In case (2) you need to specify the number field or ring over which you polynomials taken; that is, what types of numbers will you allow in a factorization? Your polynomial $p(x)$ is irreducible (="prime"?) over the integers, rationals or reals, but is reducible (not prime?) over the complex numbers.

5. Aug 10, 2015

### thelema418

In my experience, case (2) is what this means. I much prefer the terminology irreducible over . . . rather than prime, but many textbooks, esp. high school level books prefer the word prime.

Following back to JR Sauerland's original question, this is an interesting problem to consider tactics for proof. What techniques or methods can you use to argue that this cannot be reduced over the reals? There are several arguments that could be made. Feel free to demonstrate that this is not reducible.

6. Aug 11, 2015

### Mentallic

What are the roots of $x^2+16$? In other words, what are the values of x (if there are any) such that $x^2+16=0$.

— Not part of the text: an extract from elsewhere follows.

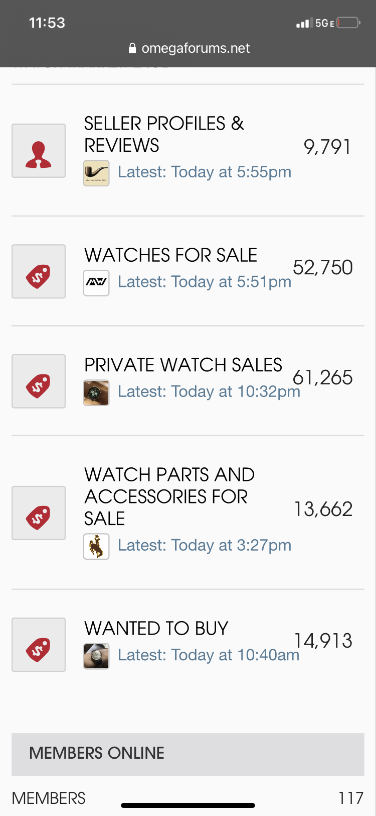 Posts 5,082 Likes 15,701 DaveK ·Nov 11, 2020 D D Palayew Sorry for the noob question : how can I search for sales ? In the forums themselves. Thanks. This is really the best place to start looking, especially the sticky threads, 2x especially the “learn how to fish” thread. https://omegaforums.net/forums/vintage-omega-watches-help-discussion-and-advice.23/

If x=2k, then $x^2=(2k)^2=2^2k^2=4k^2$ and not $2k^2$. Also, make sure to add parentheses where necessary, because $2k^2$ is different to $(2k)^2$ since exponents have higher precedence than multiplying, so $2k^2=2(k^2)$. Finally this means that you should be able to factor out a 4 in $(2k)^2+16$ to get $4(k^2+4)$.

But alas this isn't going to help you solve your problem because what you've asked can be mistaken for a harder problem. What you're looking for is to find if the polynomial is irreducible as has been already mentioned.